Have a question about this project? Sign up for a free GitHub account to open an issue and contact its maintainers and the community.

By clicking “Sign up for GitHub”, you agree to our terms of service and privacy statement. We’ll occasionally send you account related emails.

Already on GitHub? Sign in to your account

Inline ASTNode bindings dependencies and observers #15098

Merged

Conversation

ggiraldez
Copy link
Contributor

Every ASTNode contains two arrays used for type inference and checking: dependencies and observers. By default, these are created lazily, but most active (ie. effectively typed) ASTNodes end up creating them. Furthermore, on average both these lists contain less than 2 elements each.

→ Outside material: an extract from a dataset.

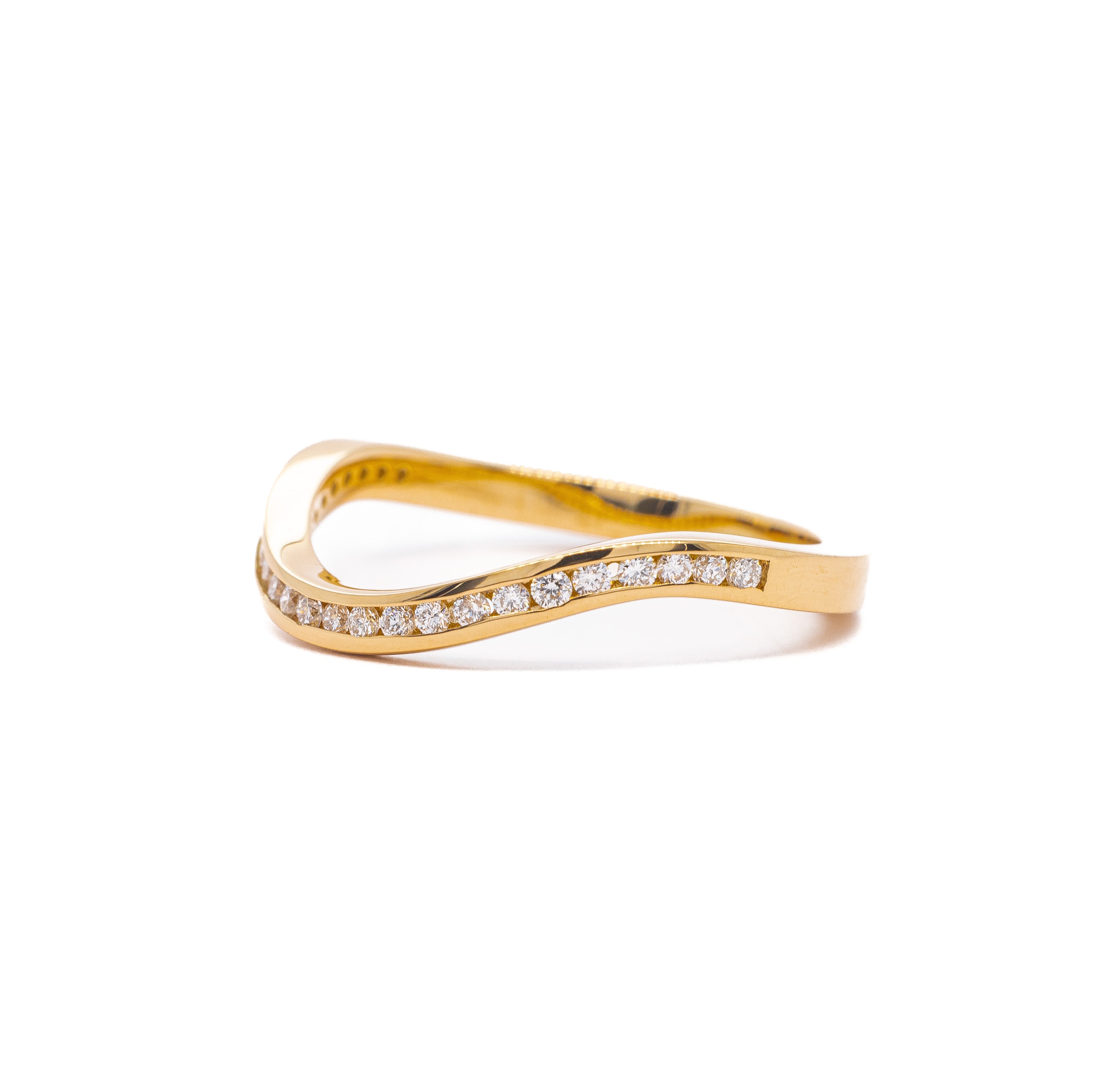 Sparkling round diamonds in a slim gold channel.

This PR replaces the both Array(ASTNode)? references in ASTNode by inlined structs that can hold two elements and a tail array for the cases where more links are needed. This reduces number of allocations, bytes allocated, number of instructions executed and running time.

Some numbers from compiling the Crystal compiler itself without running codegen (since type binding occurs in the semantic phase anyway).

  • Running time (measured with hyperfine running with GC_DONT_GC=1): ~6% reduction
    Before:

    Benchmark 1: ./self-semantic-only.sh
      Time (mean ± σ):      3.398 s ±  0.152 s    [User: 2.264 s, System: 0.470 s]
      Range (min … max):    3.029 s …  3.575 s    10 runs
    

    After:

    Benchmark 1: ./self-semantic-only.sh
      Time (mean ± σ):      3.180 s ±  0.095 s    [User: 2.153 s, System: 0.445 s]
      Range (min … max):    3.046 s …  3.345 s    10 runs
    
  • Memory (as reported by the compiler itself, with GC): ~9.6% reduction
    Before:

    Parse:                             00:00:00.000038590 (   1.05MB)
    Semantic (top level):              00:00:00.483357706 ( 174.13MB)
    Semantic (new):                    00:00:00.002156811 ( 174.13MB)
    Semantic (type declarations):      00:00:00.038313066 ( 174.13MB)
    Semantic (abstract def check):     00:00:00.014283169 ( 190.13MB)
    Semantic (restrictions augmenter): 00:00:00.010672651 ( 206.13MB)
    Semantic (ivars initializers):     00:00:04.660611385 (1250.07MB)
    Semantic (cvars initializers):     00:00:00.008343907 (1250.07MB)
    Semantic (main):                   00:00:00.780627942 (1346.07MB)
    Semantic (cleanup):                00:00:00.000961914 (1346.07MB)
    Semantic (recursive struct check): 00:00:00.001121766 (1346.07MB)
    

    After:

    Parse:                             00:00:00.000044417 (   1.05MB)
    Semantic (top level):              00:00:00.546445955 ( 190.03MB)
    Semantic (new):                    00:00:00.002488975 ( 190.03MB)
    Semantic (type declarations):      00:00:00.040234541 ( 206.03MB)
    Semantic (abstract def check):     00:00:00.015473723 ( 222.03MB)
    Semantic (restrictions augmenter): 00:00:00.010828366 ( 222.03MB)
    Semantic (ivars initializers):     00:00:03.324639987 (1135.96MB)
    Semantic (cvars initializers):     00:00:00.007359853 (1135.96MB)
    Semantic (main):                   00:00:01.806822202 (1217.96MB)
    Semantic (cleanup):                00:00:00.000626975 (1217.96MB)
    Semantic (recursive struct check): 00:00:00.001435494 (1217.96MB)
    
  • Callgrind stats:

    • Instruction refs: 17,477,865,704 -> 16,712,610,033 (~4.4% reduction)
    • Estimated cycles: 26,835,733,874 -> 26,154,926,143 (~2.5% reduction)
    • GC_malloc_kind call count: 35,161,616 -> 25,684,997 (~27% reduction)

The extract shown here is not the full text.